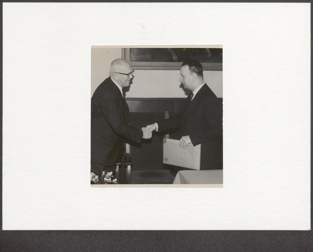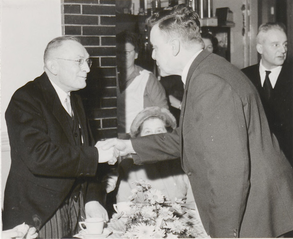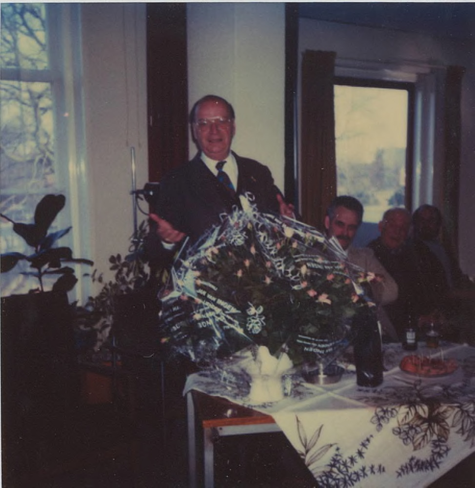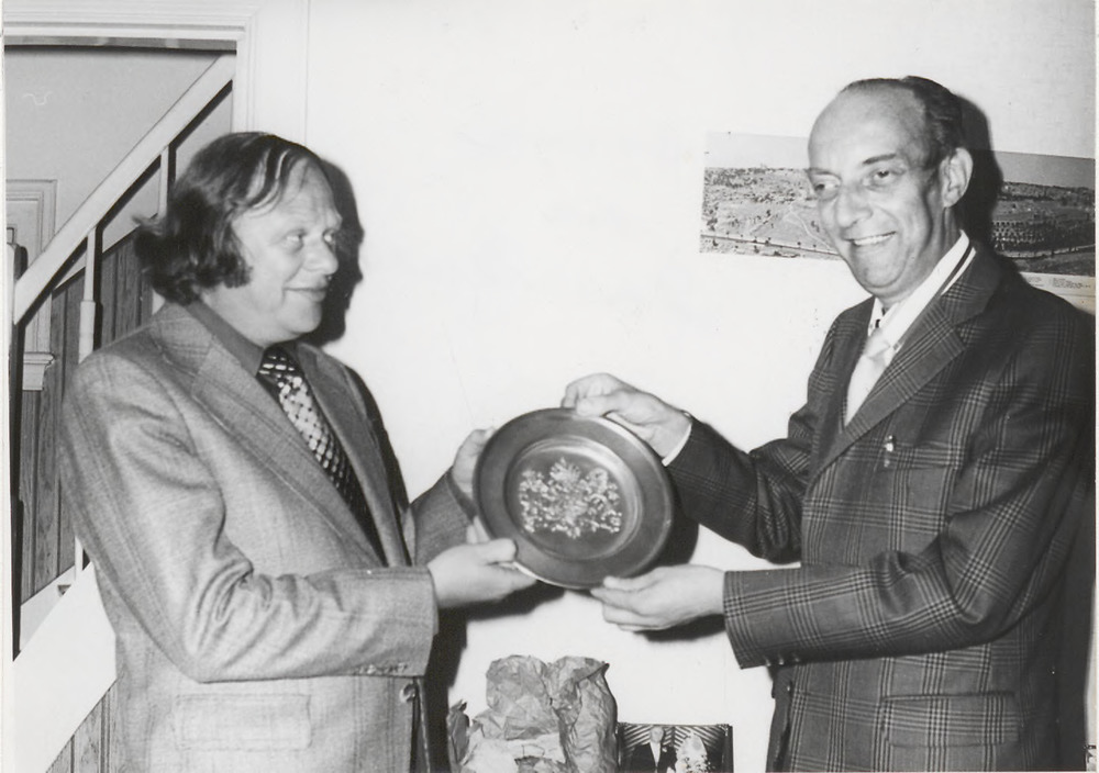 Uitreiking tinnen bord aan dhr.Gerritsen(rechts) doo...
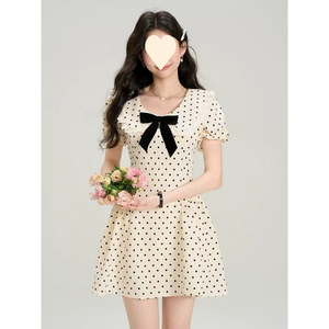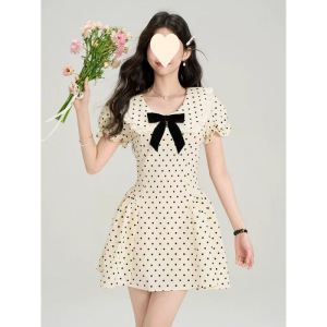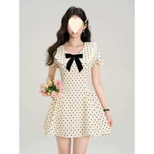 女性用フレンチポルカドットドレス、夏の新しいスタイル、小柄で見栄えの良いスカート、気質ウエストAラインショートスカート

============

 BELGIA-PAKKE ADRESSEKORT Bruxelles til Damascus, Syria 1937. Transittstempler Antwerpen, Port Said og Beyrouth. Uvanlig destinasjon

============

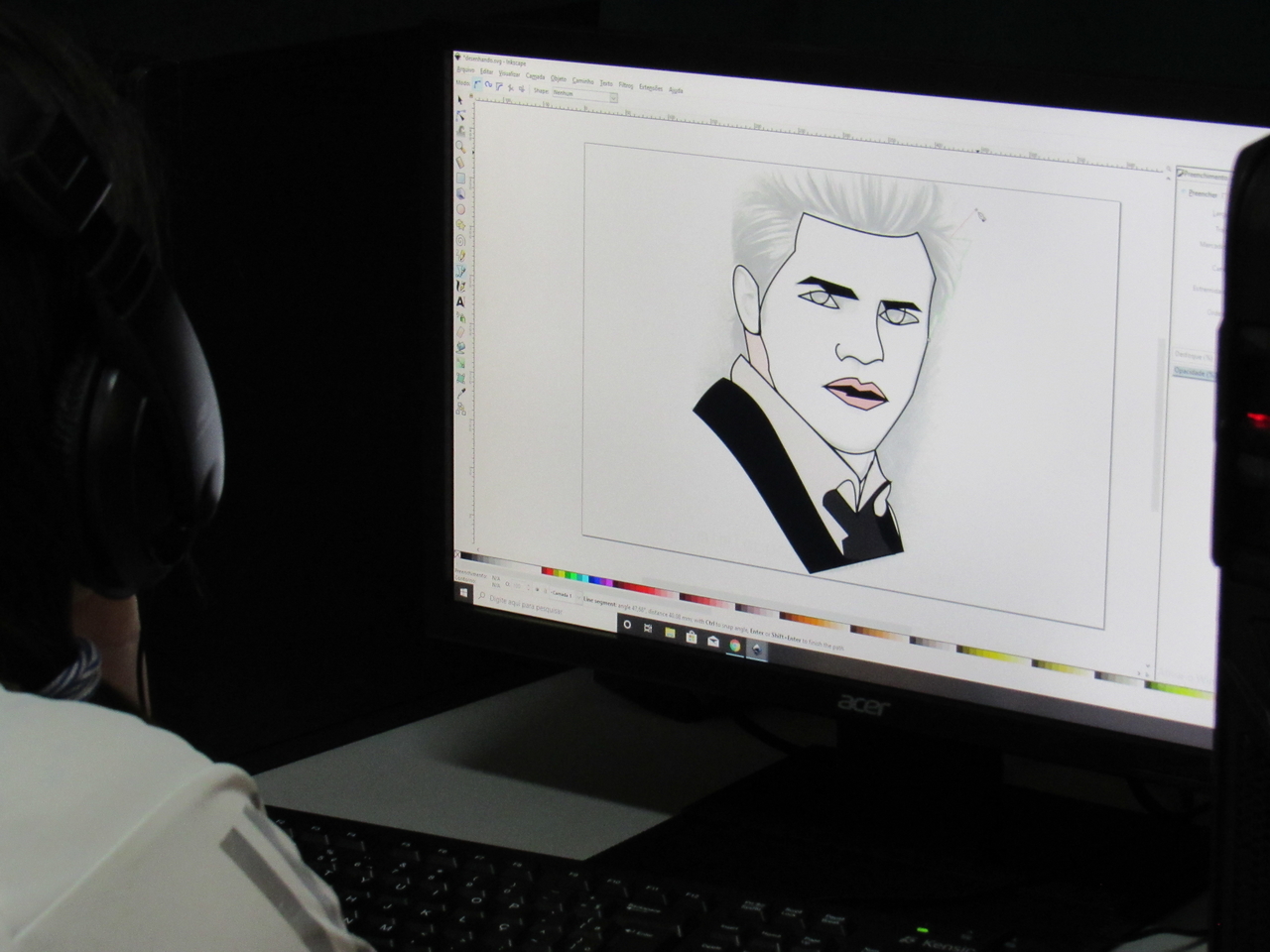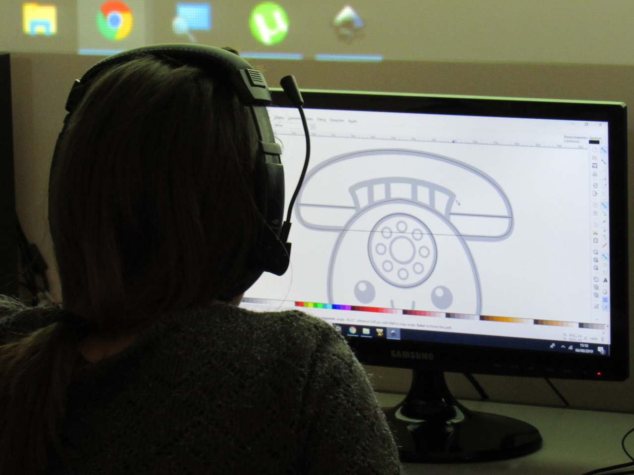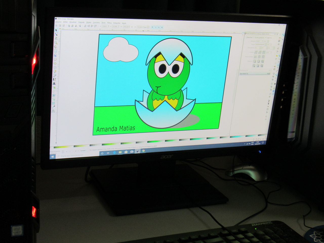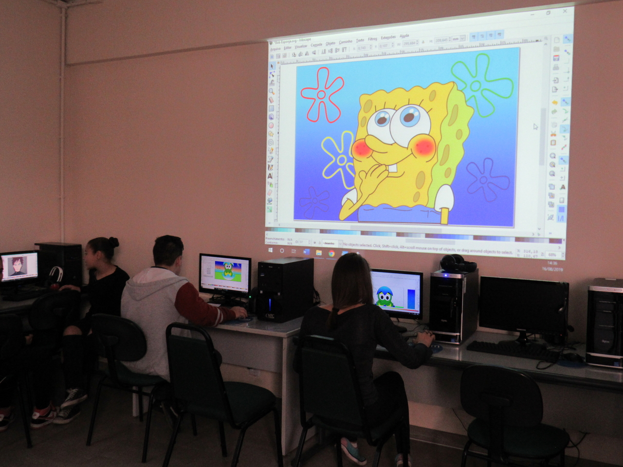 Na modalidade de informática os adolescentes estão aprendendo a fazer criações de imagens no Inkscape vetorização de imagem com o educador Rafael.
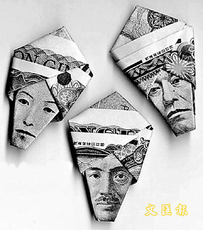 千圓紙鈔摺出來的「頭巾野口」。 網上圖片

============

EXERCISE OBJECTIVE. Look above and copy only the lines from the one holding "Uitreiking tinnen bord" to the one holding "女性用フレンチポルカドットド", both included, exactly, minus the pictures.

EXERCISE ANSWER.
 Uitreiking tinnen bord aan dhr.Gerritsen(rechts) doo...
 女性用フレンチポルカドットドレス、夏の新しいスタイル、小柄で見栄えの良いスカート、気質ウエストAラインショートスカート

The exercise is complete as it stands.